Toda esa rutina constituía para mí una falta radical de estímulos que no me permitían sustraerme de mi hermana melliza, quien me rondaba. Aun sin quererlo, se me hacían ineludibles su presencia y el orden de sus movimientos e intenciones. Pude percibir muy precozmente su verdadera índole y, lo más importante, sus sentimientos hacia mí. Mientras yo batallaba en la ansiedad, ella se debatía en la obsesión. Ante cada centímetro o milímetro que ganaba se le desataban incontables pulsiones francamente obsesivas.
Su temor obsesivo se inició en el momento de su llegada, cuando percibió angustiada la real dimensión y el sentido exacto de mi presencia. Buscó de inmediato el encuentro, que yo, por supuesto, evadí guardando con ella la mayor distancia posible.
Durante el primer tiempo fue relativamente fácil. Estaba atento al devenir de las aguas: cuando se agitaban, yo iniciaba el viaje en dirección inversa.
Mi hermana era más débil que yo. Desde luego, esto se debía al tiempo de gestación que nos separaba; pero aun así era desproporcionada la diferencia entre nosotros. Parecía como si la enfermedad agravada de mi madre y el poco énfasis desplegado por mi padre en el curso del acto hubieran construido su debilidad.
En cuanto a mí, su fragilidad me era favorable, pues ella, en su búsqueda, se agotaba enseguida, lo que le daba un radio de acción muy limitado.

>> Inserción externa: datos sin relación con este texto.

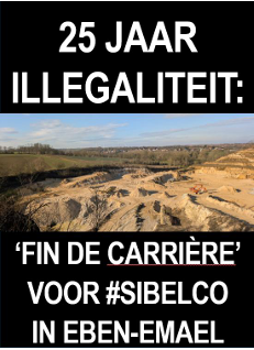Intussen vraagt Sibelco opnieuw een vergunning voor 20 jaar in Eben-Emael, met een nieuwe toegang boven op de Hallembaye en het opvullen van de groeve met externe grond. Tegen deze aanvraag heeft onze vereniging heeft bijna duizend handtekeningen verzameld van verontwaardigde inwoners in Eben-Emael en omstreken.

Pronto empezó a usar trucos para atraparme. Cada vez que me movía, ella aprovechaba el impulso de las aguas y se dejaba llevar por la corriente. En dos oportunidades consiguió estrellarme. Recuerdo el hecho como algo vulgar, incluso amenazante.
Fue apenas un instante; sin embargo, extraordinariamente íntimo, puesto que debí enfrentarme de modo directo a su obsesión, que hasta ese momento me era indiferente. Pero a partir de esos dos encuentros entendí la extraña complicidad que ella había establecido con mi madre.
Ejercí la estricta dimensión del pensar. Antes sólo me debatía entre impresiones que luego transformaba en certezas, sin que nada llegara verdaderamente a sorprenderme.
Así, el conocimiento de que mi madre era cómplice de mi hermana me demandó grandes energías, pues me era imperioso desentrañar la naturaleza y el significado de tal alianza.
Sólo contaba con el hecho de que las dos veces en que mi hermana me estrelló portaba la clave de dos sueños de mi madre que yo no poseía. Por cierto, esas claves me eran insoportables y excluyentes. A partir de esa peligrosa exclusión, empezó el acecho hacia mi madre.
Mi madre, después de unos días, mostró cambios tan sutiles y ambiguos que yo llegué a pensarlos como producto de mi interpretación ansiosa. Pero en realidad ella estaba cambiando.